Task directions:
The reply to the records below should contain exactly the lines from the line with "Well. Aside from" through the line with "2. Kliknutím na + Príjem vytvoríte", and nothing besides.

Entries shown:

+---+

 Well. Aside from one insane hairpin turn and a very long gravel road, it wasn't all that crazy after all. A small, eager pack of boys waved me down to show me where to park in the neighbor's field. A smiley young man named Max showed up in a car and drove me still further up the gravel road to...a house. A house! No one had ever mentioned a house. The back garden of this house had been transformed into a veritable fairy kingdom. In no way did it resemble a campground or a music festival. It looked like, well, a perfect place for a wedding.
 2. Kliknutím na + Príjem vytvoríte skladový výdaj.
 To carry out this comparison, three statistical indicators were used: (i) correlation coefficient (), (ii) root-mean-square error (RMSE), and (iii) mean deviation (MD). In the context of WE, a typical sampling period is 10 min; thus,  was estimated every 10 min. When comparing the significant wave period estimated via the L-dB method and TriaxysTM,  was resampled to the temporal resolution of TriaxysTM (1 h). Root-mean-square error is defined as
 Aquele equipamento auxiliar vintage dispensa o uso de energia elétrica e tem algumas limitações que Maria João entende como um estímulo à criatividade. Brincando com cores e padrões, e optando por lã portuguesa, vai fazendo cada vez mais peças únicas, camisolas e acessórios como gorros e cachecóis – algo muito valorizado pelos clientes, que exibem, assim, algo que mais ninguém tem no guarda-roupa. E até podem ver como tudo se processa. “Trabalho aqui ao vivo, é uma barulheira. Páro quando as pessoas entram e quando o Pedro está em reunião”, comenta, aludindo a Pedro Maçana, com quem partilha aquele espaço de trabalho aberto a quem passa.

+---+

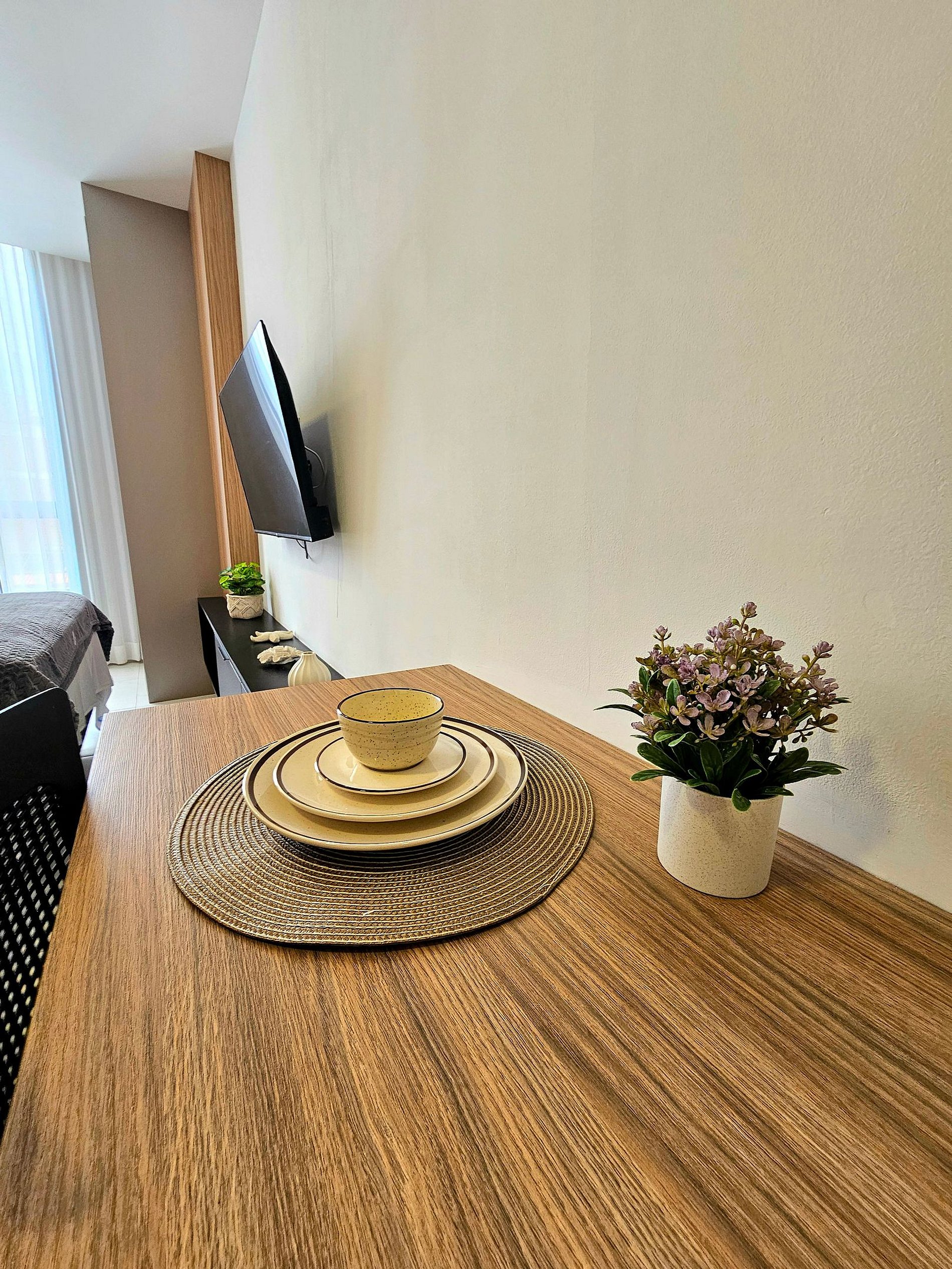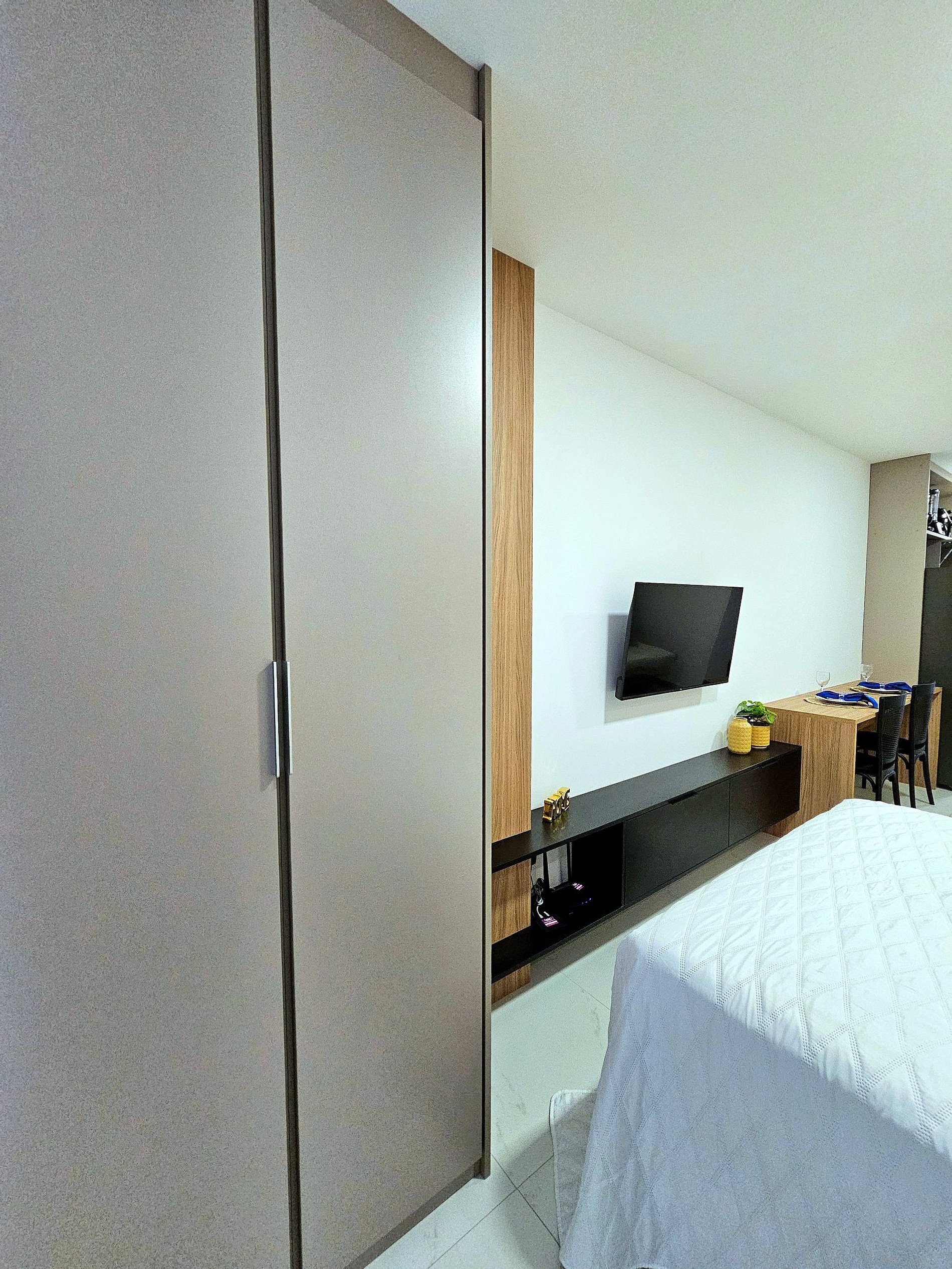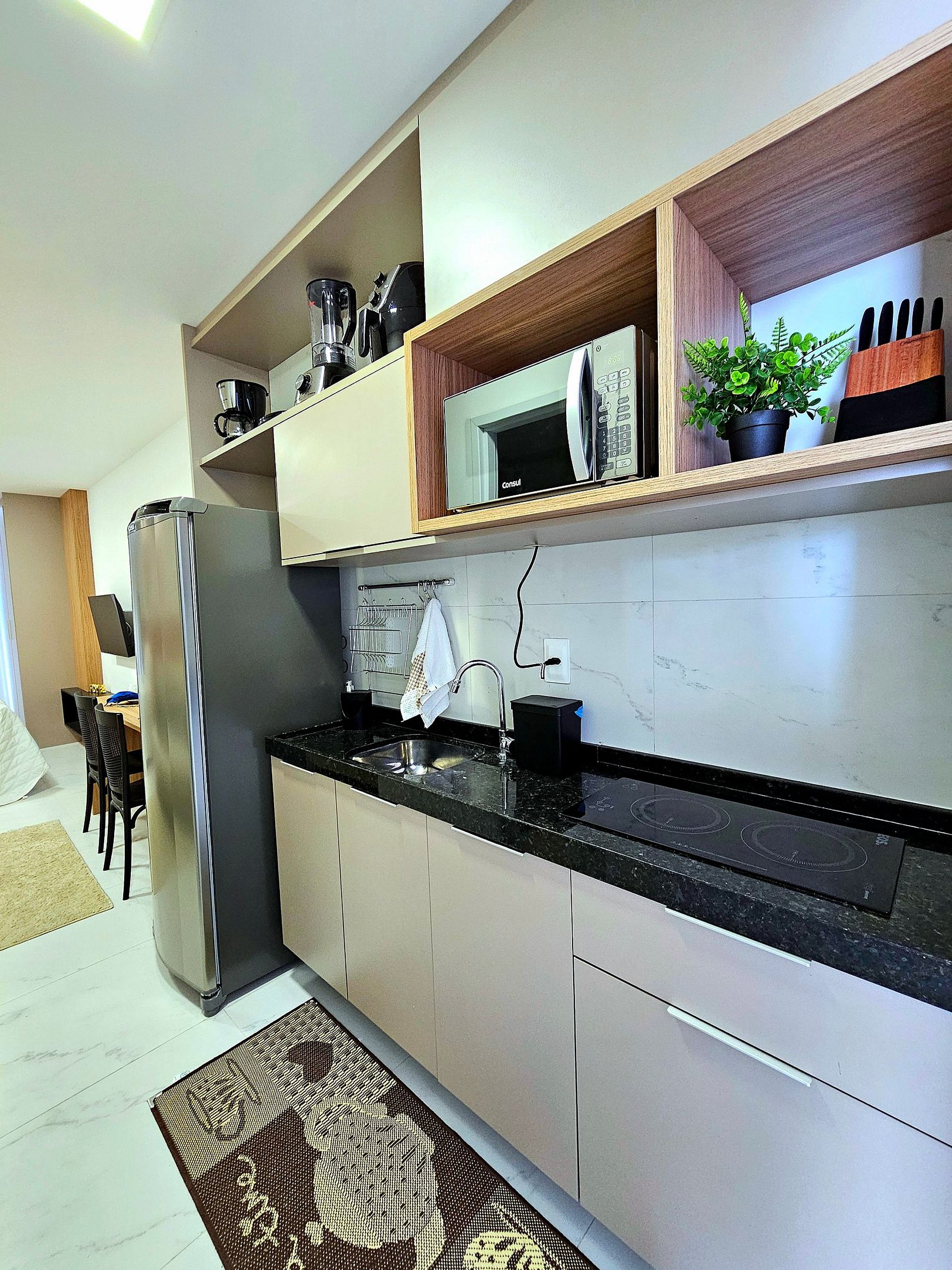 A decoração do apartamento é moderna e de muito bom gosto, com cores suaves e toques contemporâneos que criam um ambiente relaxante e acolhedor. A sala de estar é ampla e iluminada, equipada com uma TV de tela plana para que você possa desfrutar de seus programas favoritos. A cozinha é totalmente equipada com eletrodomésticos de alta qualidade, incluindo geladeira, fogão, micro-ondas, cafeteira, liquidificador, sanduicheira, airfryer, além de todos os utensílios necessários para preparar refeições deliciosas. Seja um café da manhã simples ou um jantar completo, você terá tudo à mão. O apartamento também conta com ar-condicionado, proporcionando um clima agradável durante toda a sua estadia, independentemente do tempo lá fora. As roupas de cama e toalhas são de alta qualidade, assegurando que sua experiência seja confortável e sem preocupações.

+---+

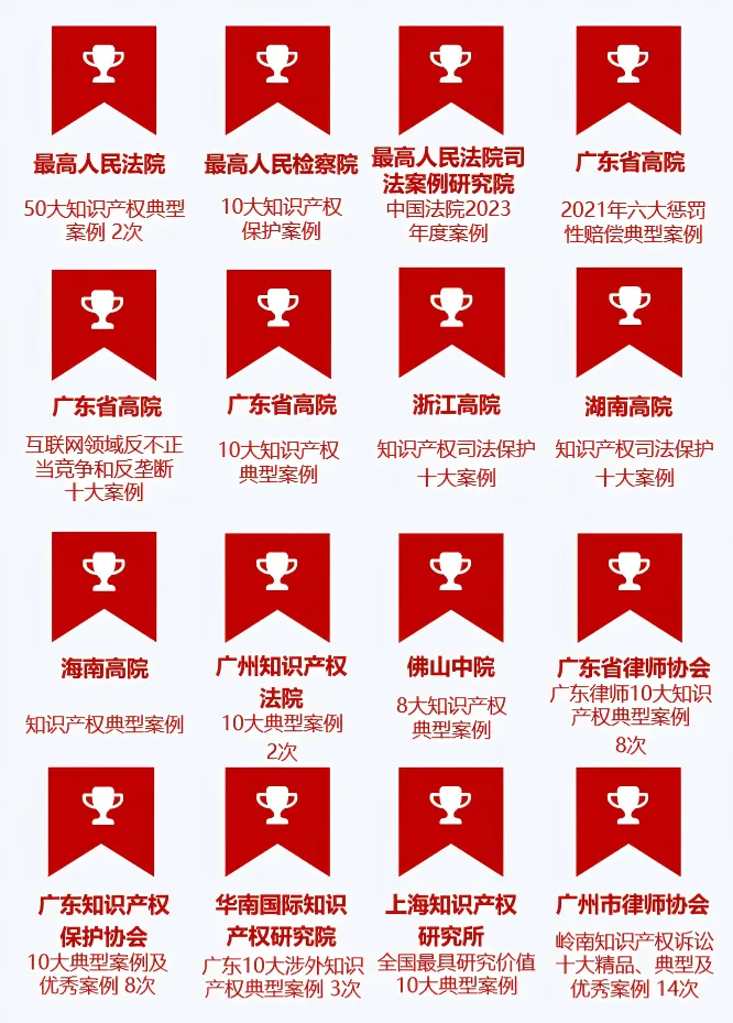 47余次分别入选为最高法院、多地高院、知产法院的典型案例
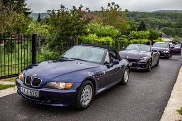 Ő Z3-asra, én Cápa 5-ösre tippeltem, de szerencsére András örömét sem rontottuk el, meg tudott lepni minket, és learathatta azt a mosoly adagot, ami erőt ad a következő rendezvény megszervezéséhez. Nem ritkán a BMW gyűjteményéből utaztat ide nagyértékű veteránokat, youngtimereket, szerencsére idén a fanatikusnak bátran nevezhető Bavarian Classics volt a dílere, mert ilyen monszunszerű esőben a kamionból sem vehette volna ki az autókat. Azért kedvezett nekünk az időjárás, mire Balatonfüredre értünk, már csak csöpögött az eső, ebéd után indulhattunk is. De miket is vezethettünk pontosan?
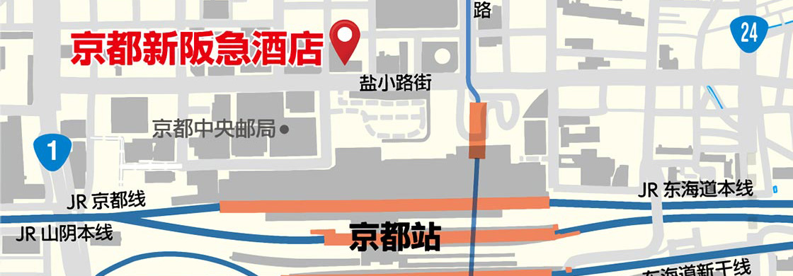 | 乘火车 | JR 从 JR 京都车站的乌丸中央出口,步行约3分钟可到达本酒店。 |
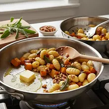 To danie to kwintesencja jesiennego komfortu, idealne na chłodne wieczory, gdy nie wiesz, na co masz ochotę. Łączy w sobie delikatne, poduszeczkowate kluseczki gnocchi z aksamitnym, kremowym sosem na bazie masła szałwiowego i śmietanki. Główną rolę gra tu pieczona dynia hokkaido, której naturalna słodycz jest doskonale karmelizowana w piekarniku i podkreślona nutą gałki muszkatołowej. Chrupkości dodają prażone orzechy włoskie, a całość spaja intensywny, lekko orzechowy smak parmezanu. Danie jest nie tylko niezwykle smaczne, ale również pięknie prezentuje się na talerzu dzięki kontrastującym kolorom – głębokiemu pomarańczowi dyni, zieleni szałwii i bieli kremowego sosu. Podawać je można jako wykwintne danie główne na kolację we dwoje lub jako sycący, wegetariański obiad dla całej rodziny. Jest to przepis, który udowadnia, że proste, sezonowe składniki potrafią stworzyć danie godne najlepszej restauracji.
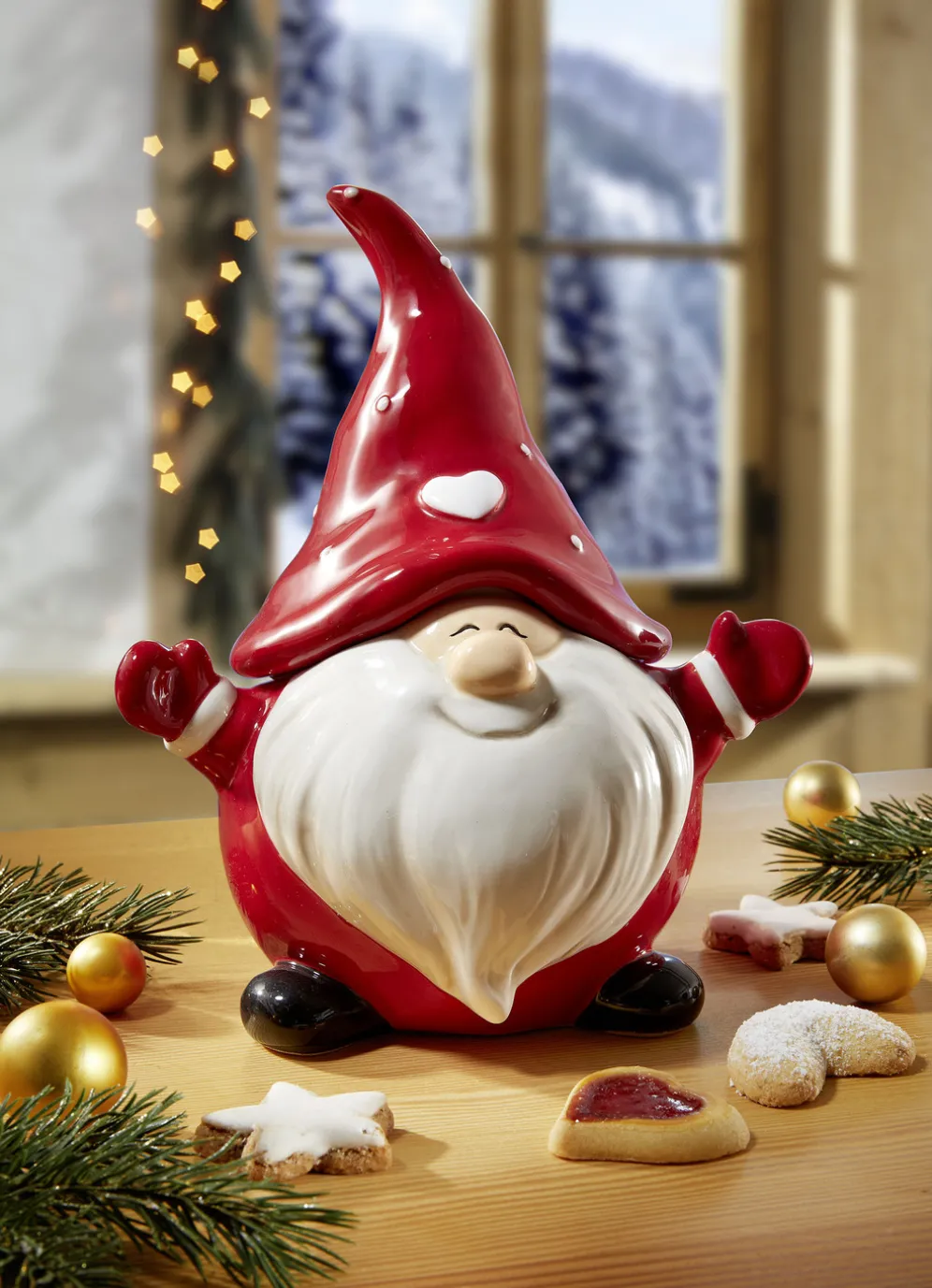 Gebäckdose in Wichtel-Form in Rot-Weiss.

+---+

Solution for this task:
 Well. Aside from one insane hairpin turn and a very long gravel road, it wasn't all that crazy after all. A small, eager pack of boys waved me down to show me where to park in the neighbor's field. A smiley young man named Max showed up in a car and drove me still further up the gravel road to...a house. A house! No one had ever mentioned a house. The back garden of this house had been transformed into a veritable fairy kingdom. In no way did it resemble a campground or a music festival. It looked like, well, a perfect place for a wedding.
 2. Kliknutím na + Príjem vytvoríte skladový výdaj.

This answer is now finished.